The Commissioner suggests that the ALJ also took Claimant's physical therapy into account when assessing her subjective complaints, (Dckt. #24 at 9), however the ALJ mentioned Claimant's physical therapy before beginning his analysis in order to acknowledge that he had received and considered the records from Claimant's physical therapist. (R. 20). This is insufficient to show that the ALJ actually factored Claimant's physical therapy into his credibility assessment, as the Commissioner implied. Even so, the Court finds that this omission does not constitute reversible error. Much of Claimant's physical therapy had to do with her wrist impairment, which the ALJ properly found did not last for the required duration. See (R. 787-812); Section III(A)(2), supra. Claimant also underwent physical therapy for her left shoulder, (R. 340-57, 426-27). However, this too did not merit consideration where Claimant does not allege a medically determinable shoulder impairment. SSR 96-8P (“The RFC assessment considers only functional limitations and restrictions that result from an individual's medically determinable impairment or combination of impairments, including the impact of any related symptoms.”). It is true that the ALJ failed to mention that Claimant was prescribed physical therapy for her hip in December 2017, for which she was “chronically late and non-compliant with performing exercises as prescribed.” (R. 736). However, an ALJ need not mention every piece of evidence, Terry, 580 F.3d at 477, and Claimant does not explain why her participation in therapy is inconsistent with the ALJ's ultimate disability finding.
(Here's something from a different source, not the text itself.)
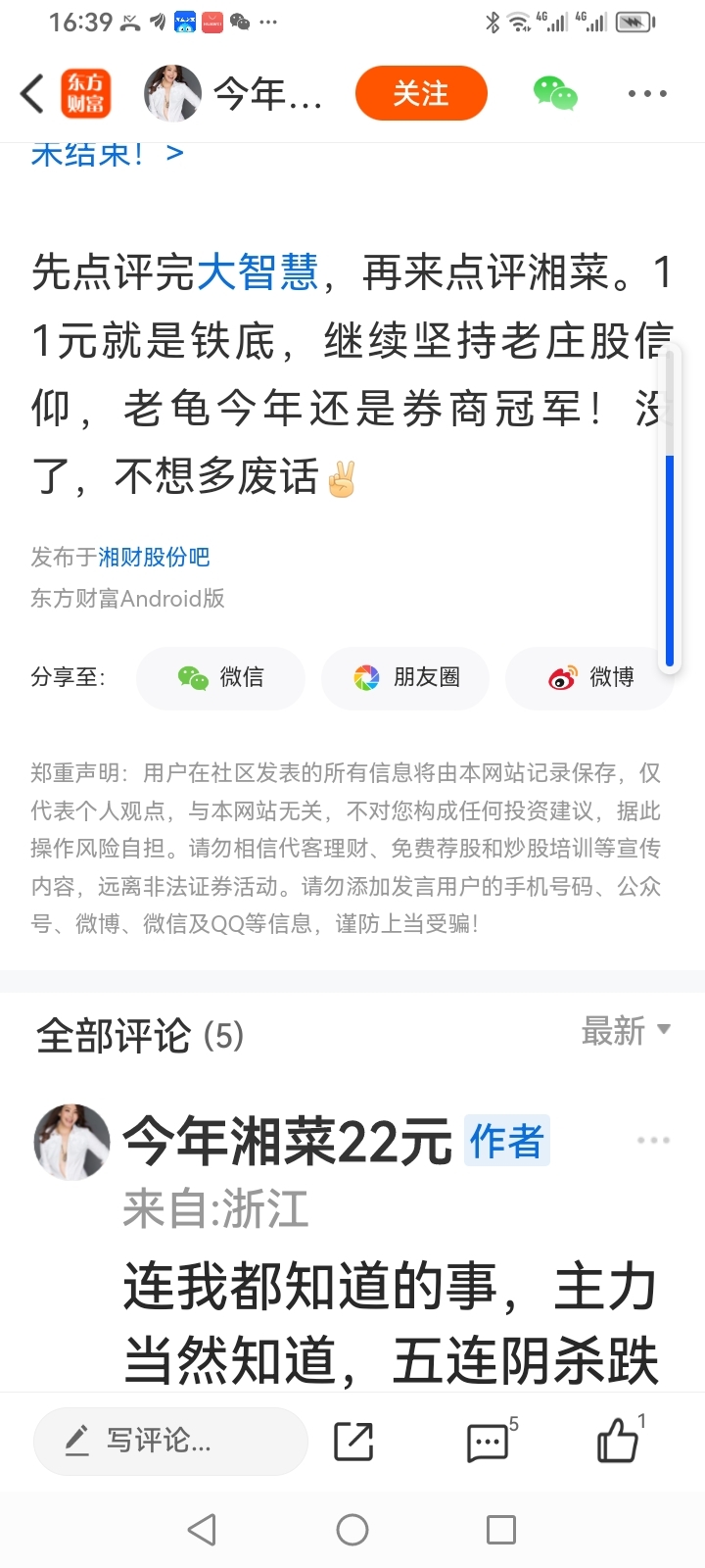 温馨提示: 1.根据《证券法》规定,禁止编造、传播虚假信息或者误导性信息,扰乱证券市场;2.用户在本社区发表的所有资料、言论等仅代表个人观点,与本网站立场无关,不对您构成任何投资建议。用户应基于自己的独立判断,自行决定证券投资并承担相应风险。《东方财富社区管理规定》

Instead, Claimant cites two cases that have limited relevance here. See Scrogham, 765 F.3d at 701 (remanding where the ALJ misinterpreted the significance of the claimant's extensive treatment); Carradine v. Barnhart, 360 F.3d 751, 755 (7th Cir. 2004) (remanding where ALJ discounted the import of Claimant's treatment because her doctors were not able to find objective evidence to support her extreme account of pain).
In sum: substantial evidence supports the ALJ's conclusion that Claimant's complaints were not entirely consistent with the record. The ALJ credited every medical opinion in the record and Claimant's activities, as well as the objective evidence, did not support various aspects of her testimony. Perhaps the ALJ's “reasoning was not airtight,” but that is not the relevant standard. Matthews v. Saul, 833 Fed.Appx. 432, 437 (7th Cir. 2020) (“The conclusion we draw is not that Matthews' condition is not real and significant, but that his case is one of degree, and on this record a failure of proof against the backdrop of our deferential review.”).
CONCLUSION
For the foregoing reason, Claimant's motion to reverse the Commissioner's decision to deny her disability insurance benefits, (Dckt. #18), is denied and the Commissioner's motion for summary judgment, (Dckt. #23), is granted. The decision of the Commissioner is affirmed.